Hazy sunlight streamed through the trees that fortressed the living room windows, and Brenda had filled the house with bouquets of light-blue balloons inscribed with “Welcome to the world, Alec!” She'd covered rented tables with “It's a Boy!” cloths and garnished bakery platters with fake chocolate cigars with Alec's name penned in pale blue icing. (This was tame compared to Eric's Beatles-themed bar mitzvah, complete with Ringo, John, Paul, and George centerpieces.)
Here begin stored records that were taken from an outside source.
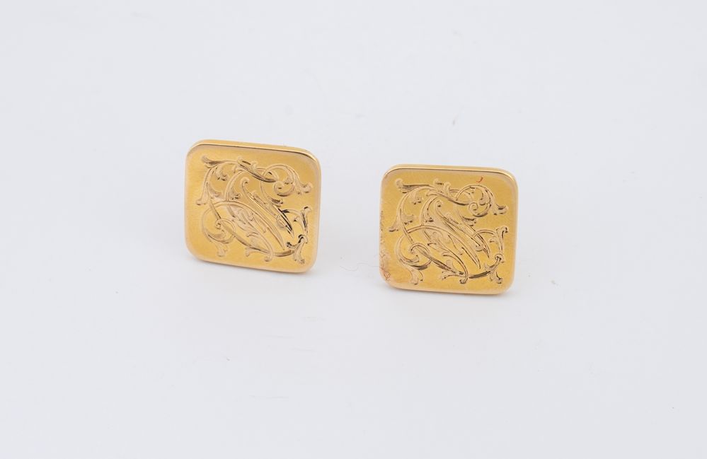 Paio di gemelli in oro giallo 18K, di forma quadrata, formella incisa con cifre “MD”. Peso complessivo 8,1 grammi.
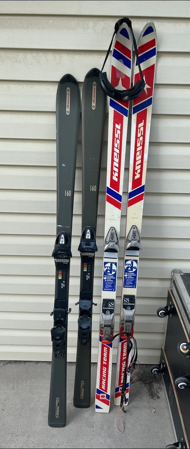 Got from friends but no longer skiing. Nordica 160 cm skis (with bindings): $50 Kneissl 170 cm skis (with Salomon bindings): $70 Ski goggles: $10 All in used but good condition Great starter set or extra gear. $100 for whole set Pickup in Harvest Hills. Delivery in Calgary available. Please contact to discuss.
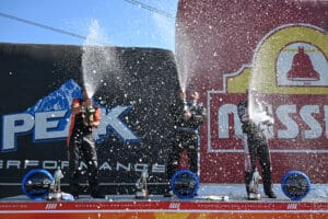 “I came out to this race last year to see my buddy Chris King drive his nitro Funny Car, and I sat in the grandstands up there and I enjoyed the race,” Beckman admitted. “I had no concept I’d be back sitting inside John Force’s car getting the trophy and seeing you guys from the podium up here. It’s beyond words.”
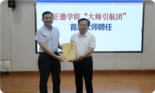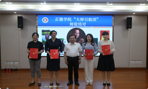 现场进行了首批“大师引航团”师徒结对仪式,“大师引航团”首席大师王成华教授为经管系主任王燕、汽机系主任任丽君、艺建系教师花卉、电信系教师刘佳颁发结对证书。
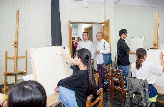 今天(9月2日)是我校2019-2020新学期开学第一天。上午8:00,我校华山路校区由党委书记谢巍带队,莲花路校区由党委副书记、纪委书记周银娥,副院长唐立兔带队,虹桥路校区由副院长刘庆、杨扬带队,会同党院办、教务处、宣传部等职能部门以及各院系负责人,分别巡视了教室、画室、形体房、琴房、剧场、机房等教学场所,对教师授课、学生出勤、课堂纪律、教学环境等内容进行了视察。
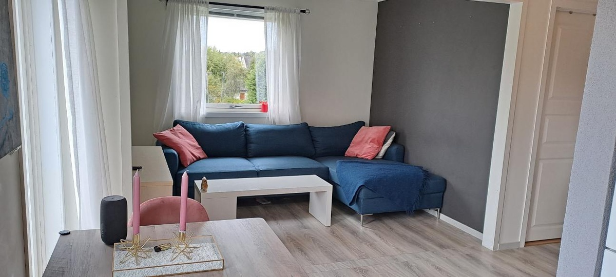 Leier ut en moderne og nyoppusset leilighet over to plan med 2 lyse soverom, romslig stue, og solrik balkong – perfekt for avslapping og sommerdager. Leiligheten ligger i et rolig og familievennlig nabolag, med kort gangavstand til butikk, skole og buss.
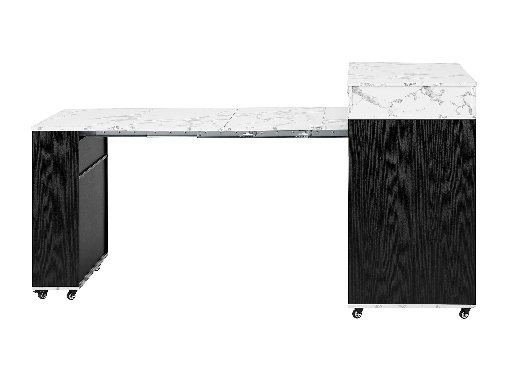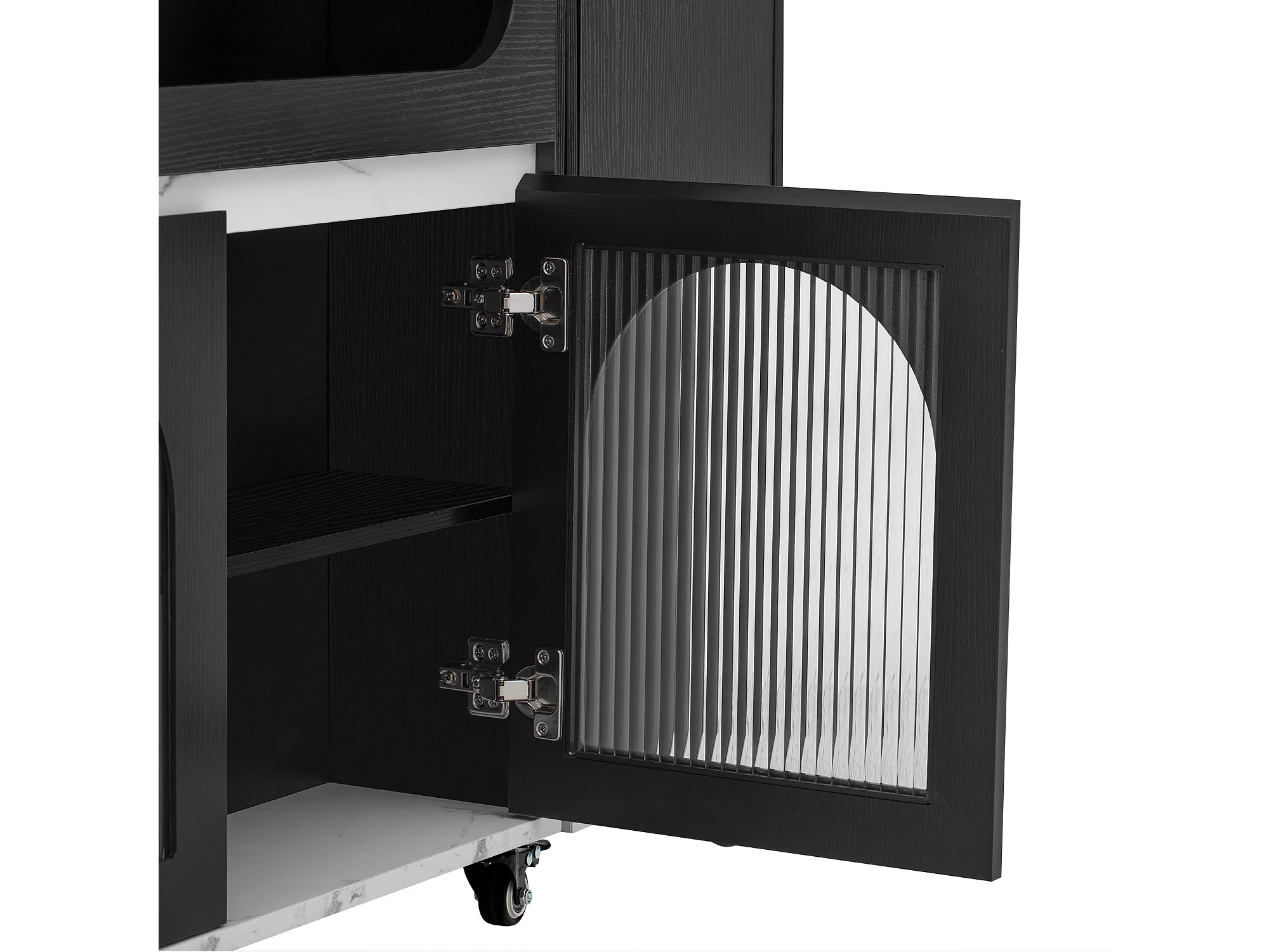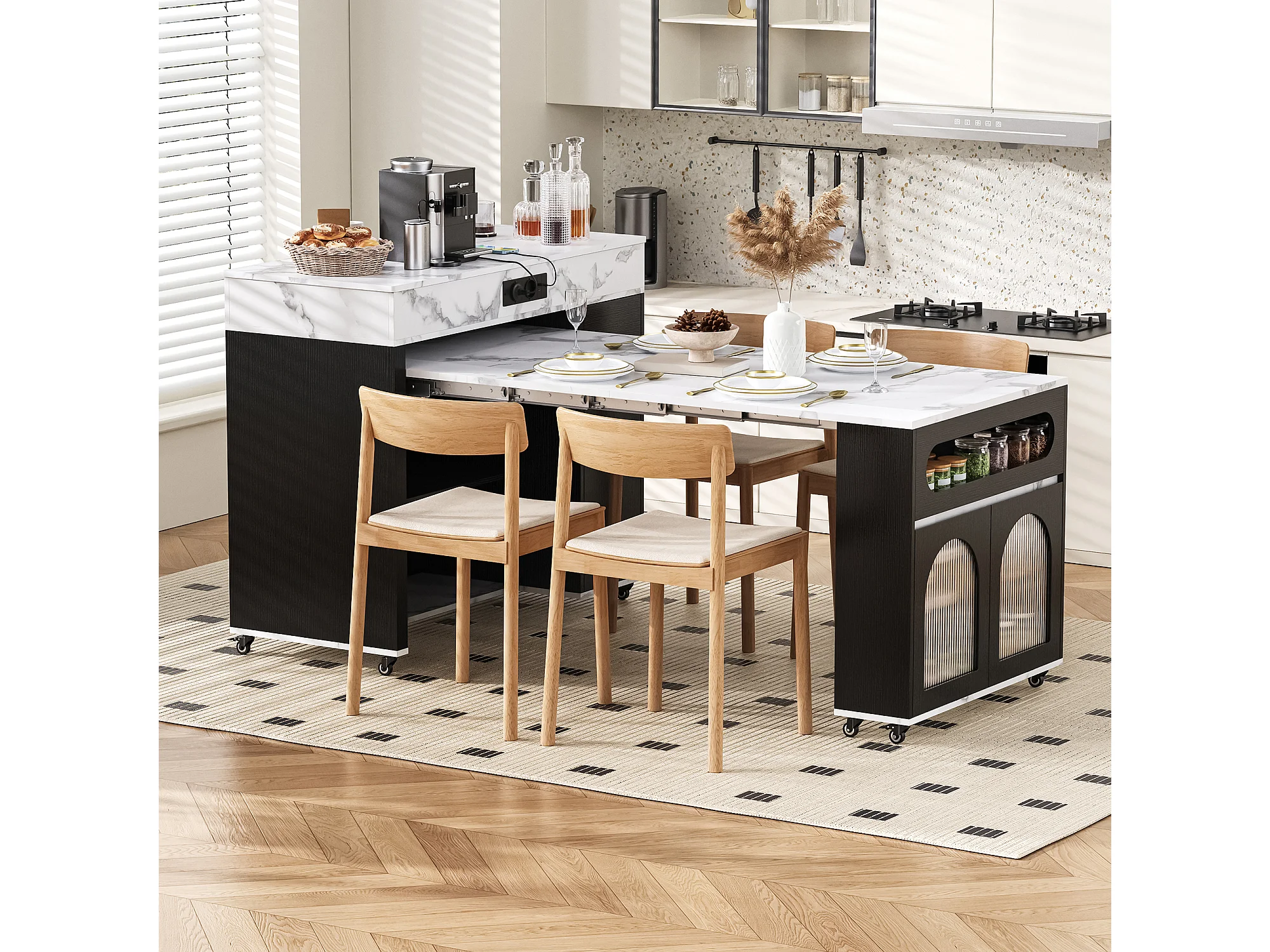 Desserte de cuisine noir avec prises et portes vitrées - Plateau effet marbre
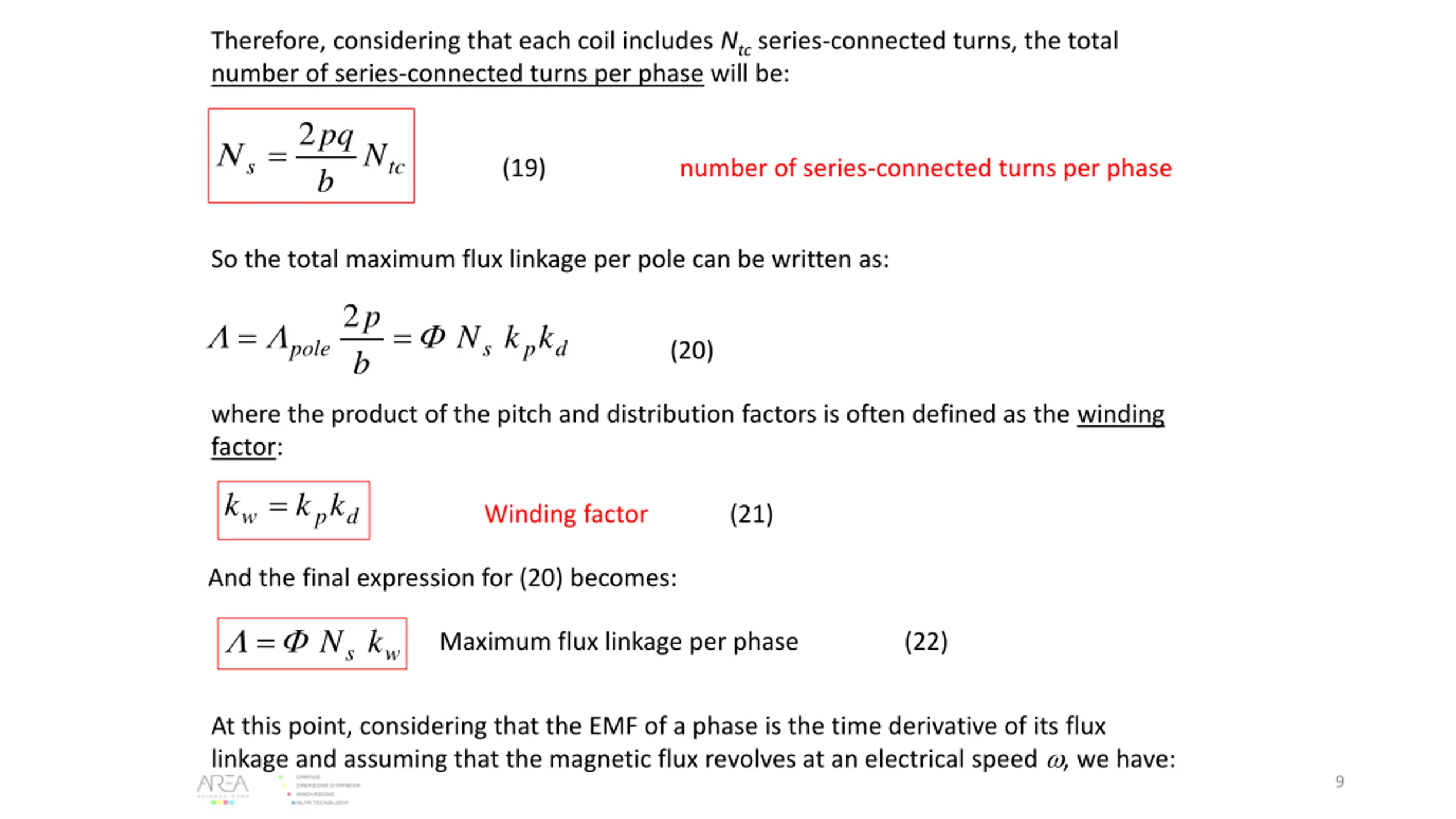Therefore, considering that each coil includes Ntcseries-connected turns, the total number of series-connected turns per phase will be: 2 pq = N s tc (19) number of series-connected turns per phase b So the total maximum flux linkage per pole can be written as: 2 p = = N k k pole s p d (20) b where the product of the pitch and distribution factors is often defined as the winding factor: k = k k Winding factor (21) w p d And the final expression for (20) becomes: = N sk Maximum flux linkage per phase (22) w At this point, considering that the EMF of a phase is the time derivative of its flux linkage and assuming that the magnetic flux revolves at an electrical speed , we have: 9
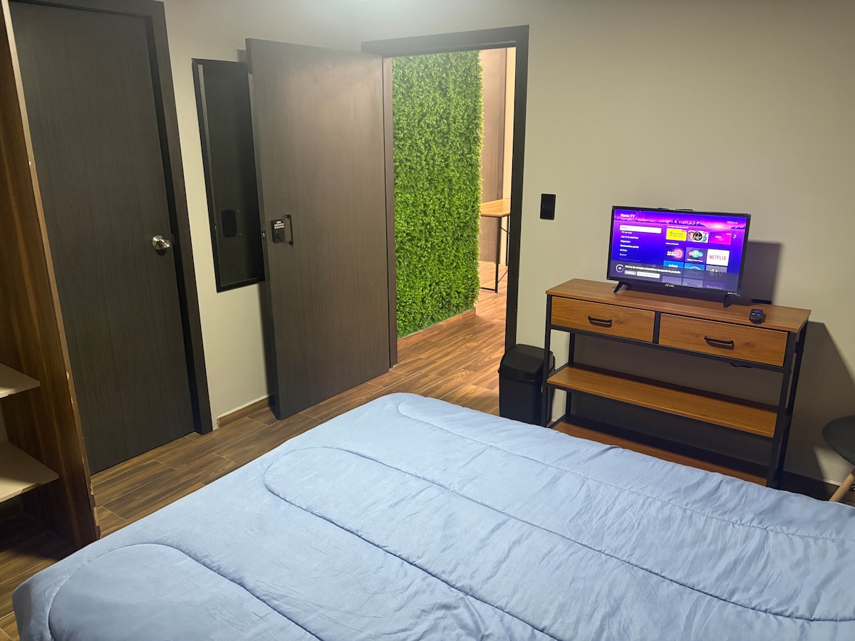 Agradable Estudio con 1 cama matrimonial, baño privado, y terraza compartida, equipado con frigobar, horno microondas, cafetera, y escritorio. En una zona residencial, tranquila, con excelente ubicación. Cerca de lugares como: Centro Comercial Midtown, Plaza Sao Paulo, Hospital Country 2000, Hospital México Americano, Estación de Tren Ligero Linea 3, Casino, Farmacias, Templos, del Centro Histórico, Bares, y Restaurantes.

Hannah had purchased the items on the mohel's list: a tube of Neosporin, Vaseline, and gauze pads. Eric tried to listen as Rabbi Katzen explained how to care for Alec's penis, but a familiar electricity filled the air, the kind that would invade his gut if he showed up at a shoot that had imploded or a gig where his band sounded like ass.

After Rabbi Katzen finished, Eric stood still and listened to the din of voices in his sister's living room: his mom asking Maggie's parents how they'd enjoyed their night in Amy's apartment; Maggie cheerfully explaining the significance of the bris to her running partner; Phil predictably hitting on Amy, who leaned into him while opening the ceremonial bottle of Manischewitz. Amy's laugh, hyenaesque and normally infectious, was like an ice pick in his eardrum. Maggie's father's kippah slid down to cover half his boxy forehead.